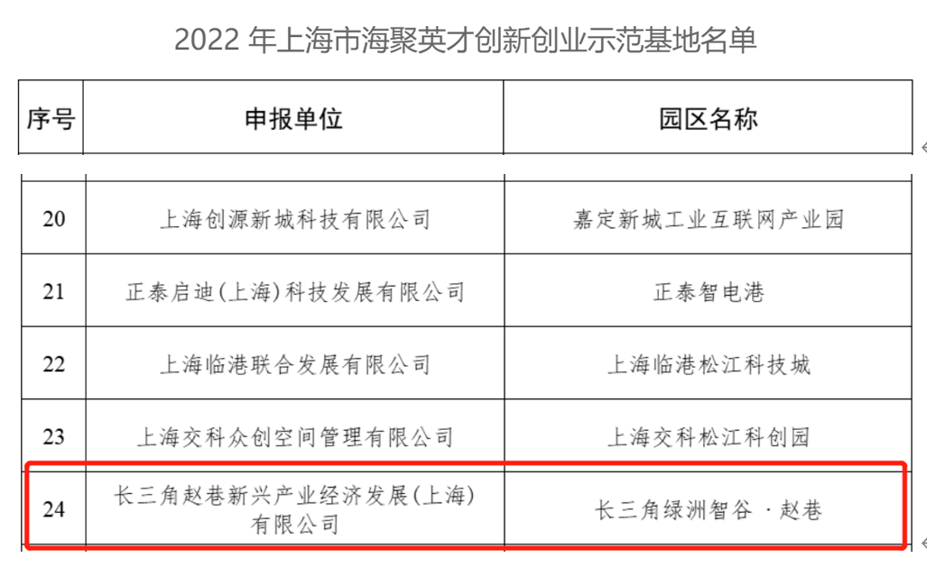 为深入贯彻落实中央和上海市人才工作会议精神,加快推进高水平人才高地建设,上海市人才工作领导小组办公室、上海推进科技创新中心建设办公室联合开展评选工作,在全市范围内遴选一批优质科技产业园区,作为“上海市海聚英才创新创业示范基地”。长三角绿洲智谷·赵巷园区通过专家评审成功入选,成为上海市33个“海聚基地”之一。
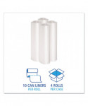 Can liner with equivalent strength of 2 mil liner. Perforated roll for easy dispensing. Coreless rolls save space and material.
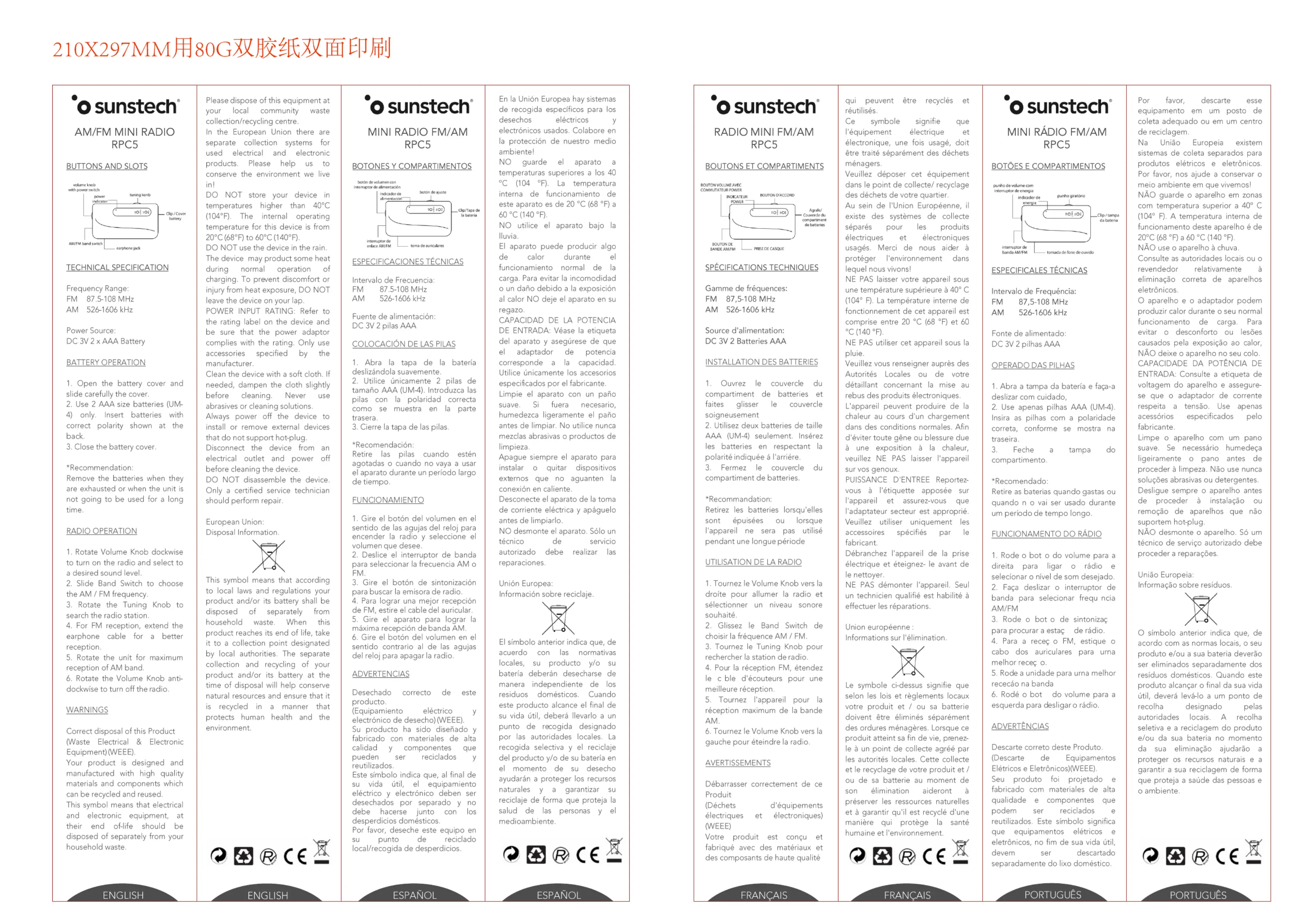 Lies die bedienungsanleitung für Sunstech RPC5 (1 Seiten) kostenlos online; sie gehört zur Kategorie Radio. Dieses Handbuch wurde von 21 Personen als hilfreich bewertet und erhielt im Schnitt 4.3 Sterne aus 11 Bewertungen. Hast du eine Frage zu Sunstech RPC5 oder möchtest du andere Nutzer dieses Produkts befragen? Stelle eine Frage
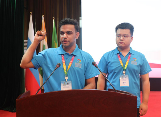 金磚國(guó)家工商理事會(huì)中方技能組主席,一帶一路暨金磚國(guó)家技能發(fā)展國(guó)際聯(lián)盟理事長(zhǎng),金磚國(guó)家技能發(fā)展與技術(shù)創(chuàng)新大賽組委會(huì)執(zhí)委會(huì)主席劉振英,河南省教育廳二級(jí)巡視員董玉民,學(xué)校黨委書記周保平,黨委副書記、校長(zhǎng)胡昊等領(lǐng)導(dǎo)出席開幕式,中國(guó)、巴基斯坦、津巴布韋、多哥、尼日利亞5個(gè)國(guó)家的51支參賽隊(duì)和競(jìng)賽支持單位,近200人參加開幕式。開幕式由胡昊主持。
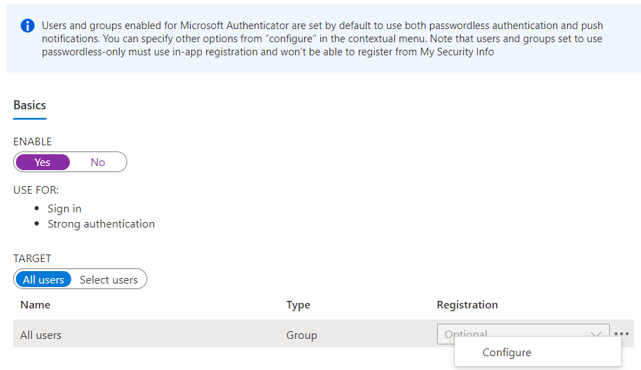 - Enable this method, if not currently enabled, and configure the scope - I strongly recommend using the default All Users. Now click on the menu button, and then Configure.
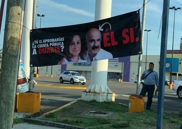 Aparentemente es una campaña «negra» contra los candidatos de Morena, pues las mantas hacen alusión a lo dicho por Ricardo Ahued, cuando aseguró que nunca le aprobó una cuenta pública a Duarte y en esta manta se pretende señalar que sí.
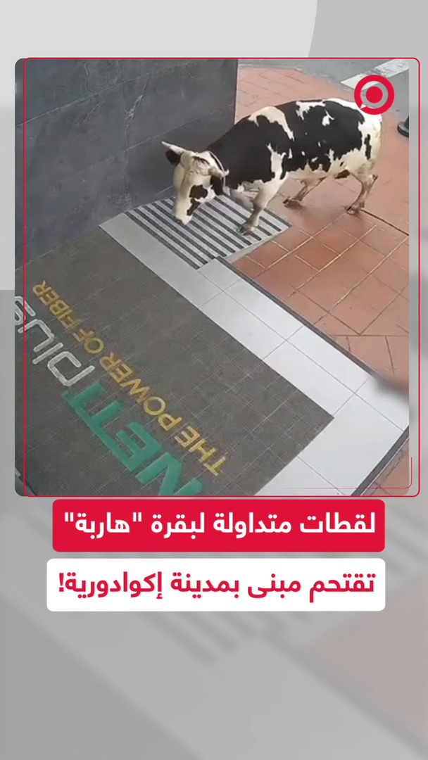مشهد طريف متداول على مواقع التواصل لبقرة "هاربة" وهي تقتحم أحد المباني في مدينة لوخا جنوبي الإكوادور.
——————
EXERCISE. Only the lines from the one containing "- Enable this" through the final line of the records should be transcribed, exactly and with no pictures.

WRITTEN SOLUTION.
 - Enable this method, if not currently enabled, and configure the scope - I strongly recommend using the default All Users. Now click on the menu button, and then Configure.
 Aparentemente es una campaña «negra» contra los candidatos de Morena, pues las mantas hacen alusión a lo dicho por Ricardo Ahued, cuando aseguró que nunca le aprobó una cuenta pública a Duarte y en esta manta se pretende señalar que sí.
مشهد طريف متداول على مواقع التواصل لبقرة "هاربة" وهي تقتحم أحد المباني في مدينة لوخا جنوبي الإكوادور.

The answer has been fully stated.